__Assigned task__
Using the data below, restate exactly every line from the one with "Siyah zirkon, pembe" up to and including the one with "Parkometr w Śródmiejskiej". No picture belongs in it.

++++ Supplied material ++++

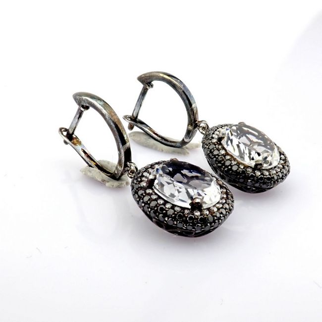 - An exquisite earrings detailed with white topaz, brilliant diamonds and gold in black rhodium--------------------------------------------------
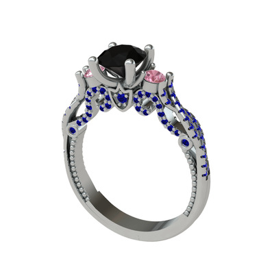 Siyah zirkon, pembe kuvars ve lab safir 925 ayar gümüş yüzük
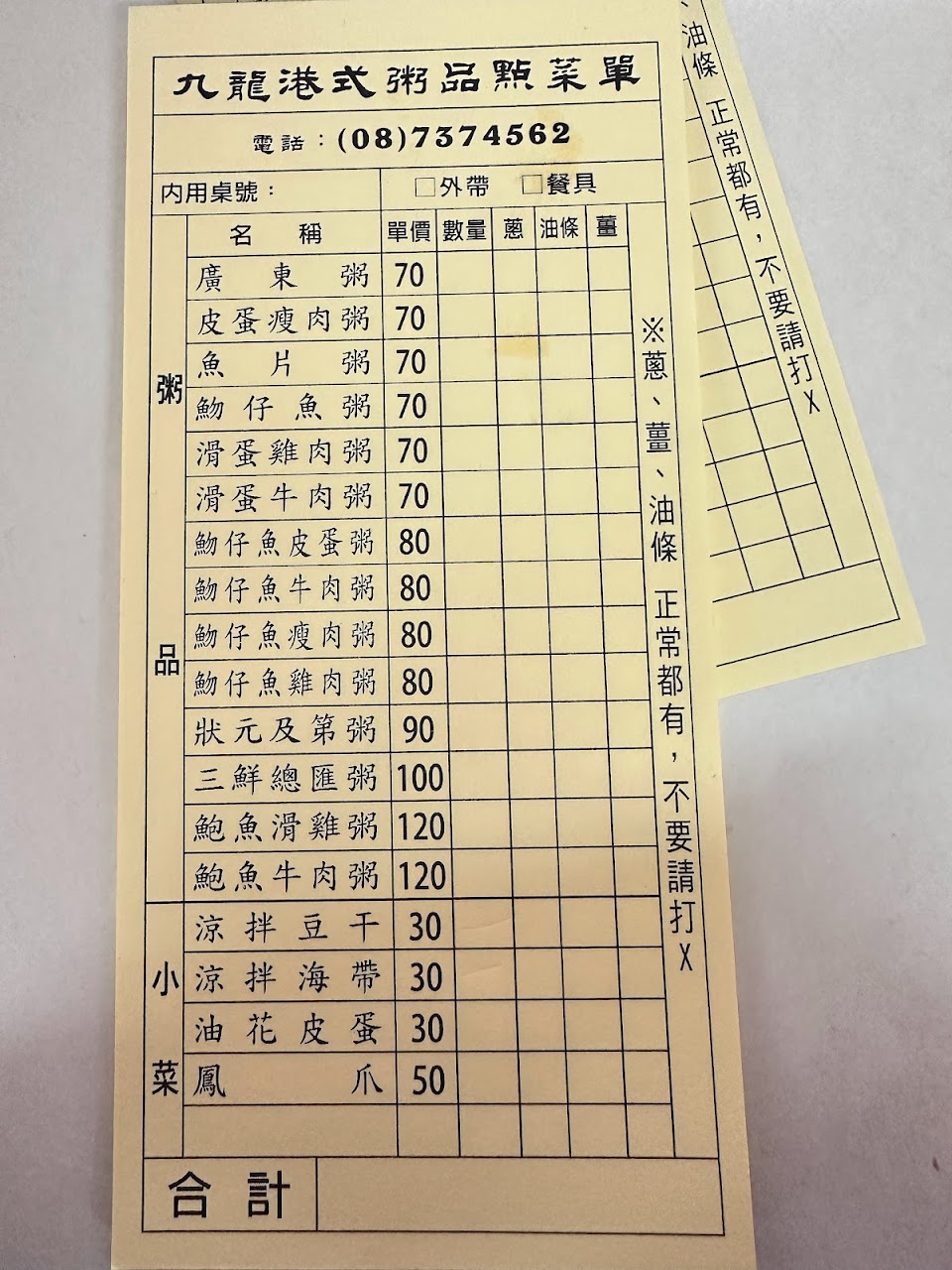 2024最新在地推薦餐廳的菜單_九龍港式粥品的菜單、圖片
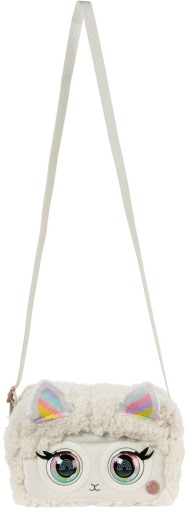 Ta urocza niewielka puszysta torebka jest w kolorystyce beżowej. Ma wyjątkowo miękki materiał Sherpa, duże oczy inspirowane pop-artem z długimi rzęsami. Posiada także krótkie uszka w kolorze tęczy.
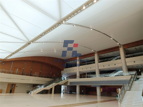 在虎門高鐵站項(xiàng)目中,佛蘭空間采用PTFE內(nèi)膜作為室內(nèi)吊頂材料。這種材料具有優(yōu)異的吸音和透光性能,能夠?yàn)楦哞F站營造明亮、舒適的旅途空間。
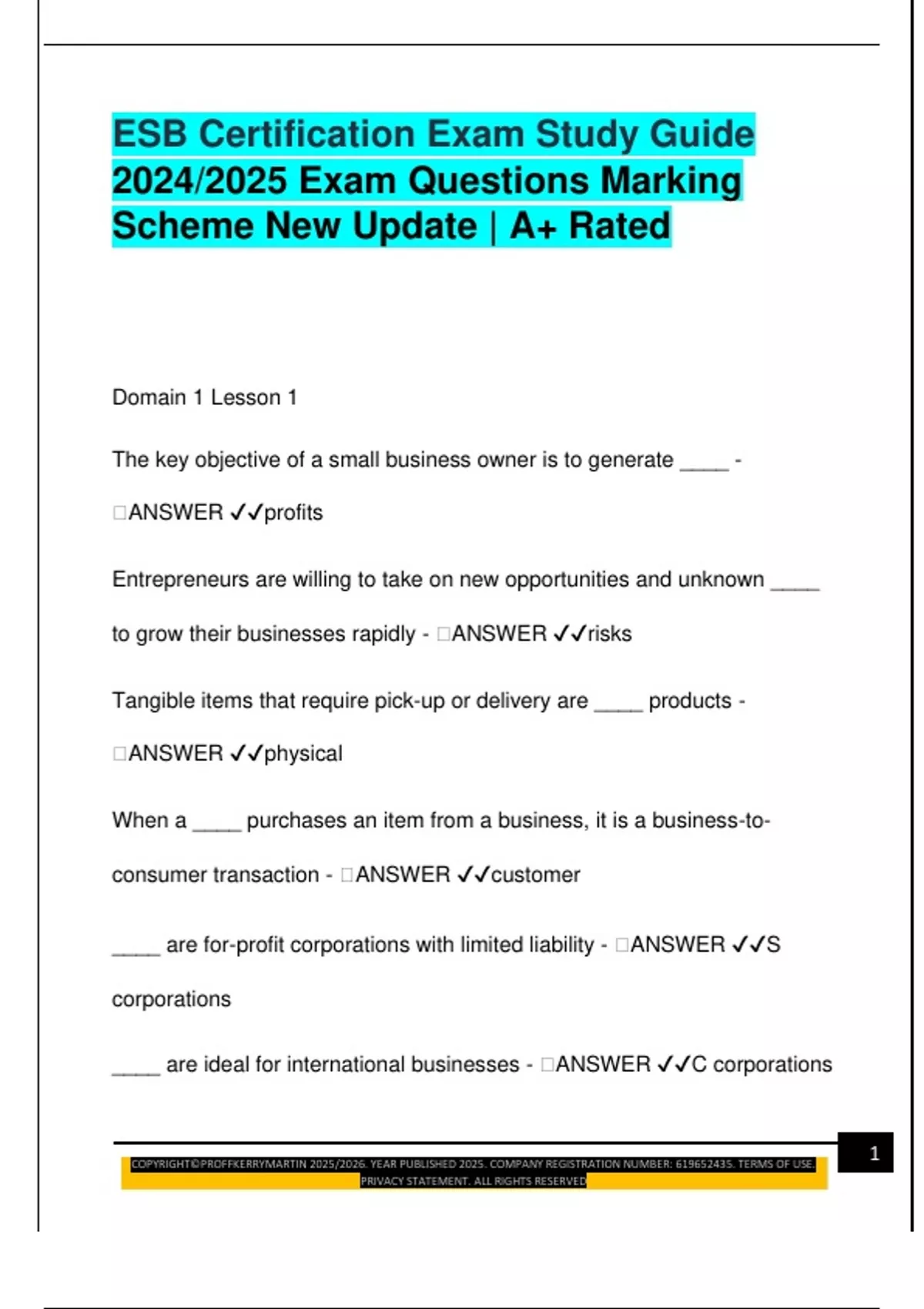 ESB Certification Exam Study Guide 2024/2025 Exam Questions Marking Scheme New Update | A+ Rated Domain 1 Lesson 1 The key objective of a small business owner is to generate ____ - � �ANSWER profits Entrepreneurs are willing to take on new opportunities and unknown ____ to grow their businesses rapidly -
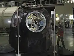 ![]() The Soyuz TM-19 landing capsule on display at the Technik Museum Speyer | |
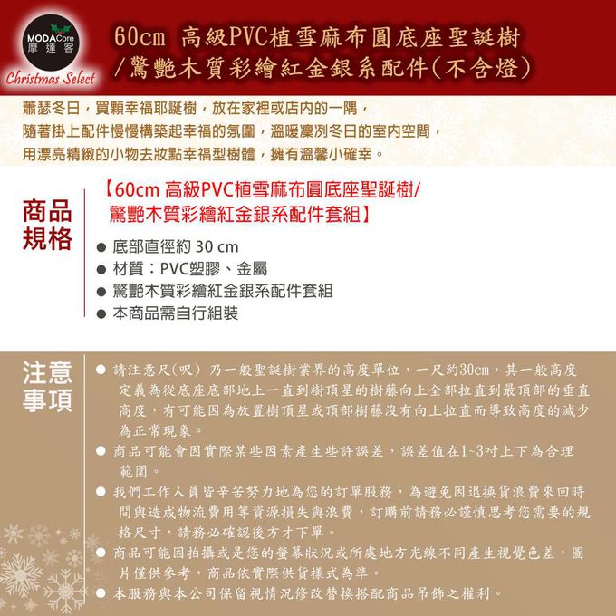 品名:60cm(2尺)高級PVC植雪麻布圓底座聖誕樹+驚艷木質彩繪紅金銀系配件/不含燈/本島免運費/歐美外銷人氣款
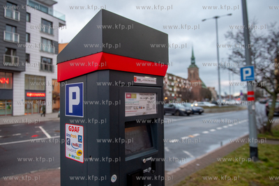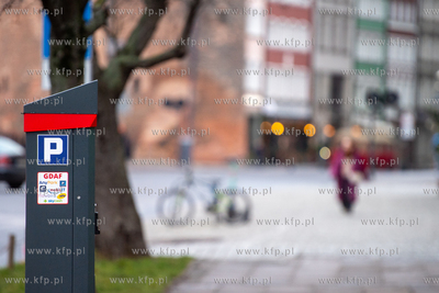 Parkometr w Śródmiejskiej Strefie Płatnego Parkowania w Gdańsku. Nz. ul. Grobla 29.01.2029 fot. Paweł Marcinko / KFP
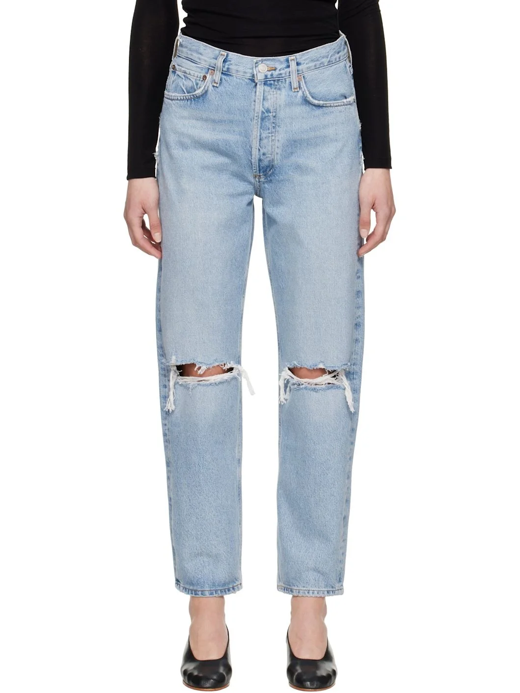 Non-stretch regenerative cotton denim jeans. Fading, whiskering, and distressing throughout. · Loose-fit and straight-leg · Mid-rise · Belt loops · Five-pocket styling · Button fly · Rip at knees · Logo-engraved silver- and copper-tone hardware · Contrast stitching in tan Supplier color: Alter 100% regenerative cotton. Made in Turkey 251214F069072
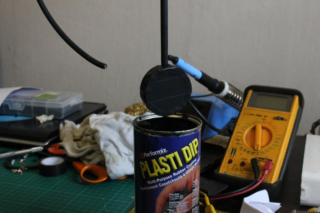 Dipping the whole microphone in Plasti Dip, so it will get a nice uniform rubber coating. Sealing it off from the elements. You need to do this very slowly. Instructions are on the can though.

++++

__Answer to this task__
 Siyah zirkon, pembe kuvars ve lab safir 925 ayar gümüş yüzük
 2024最新在地推薦餐廳的菜單_九龍港式粥品的菜單、圖片
 Ta urocza niewielka puszysta torebka jest w kolorystyce beżowej. Ma wyjątkowo miękki materiał Sherpa, duże oczy inspirowane pop-artem z długimi rzęsami. Posiada także krótkie uszka w kolorze tęczy.
 在虎門高鐵站項(xiàng)目中,佛蘭空間采用PTFE內(nèi)膜作為室內(nèi)吊頂材料。這種材料具有優(yōu)異的吸音和透光性能,能夠?yàn)楦哞F站營造明亮、舒適的旅途空間。
 ESB Certification Exam Study Guide 2024/2025 Exam Questions Marking Scheme New Update | A+ Rated Domain 1 Lesson 1 The key objective of a small business owner is to generate ____ - � �ANSWER profits Entrepreneurs are willing to take on new opportunities and unknown ____ to grow their businesses rapidly -
 ![]() The Soyuz TM-19 landing capsule on display at the Technik Museum Speyer | |
 品名:60cm(2尺)高級PVC植雪麻布圓底座聖誕樹+驚艷木質彩繪紅金銀系配件/不含燈/本島免運費/歐美外銷人氣款
 Parkometr w Śródmiejskiej Strefie Płatnego Parkowania w Gdańsku. Nz. ul. Grobla 29.01.2029 fot. Paweł Marcinko / KFP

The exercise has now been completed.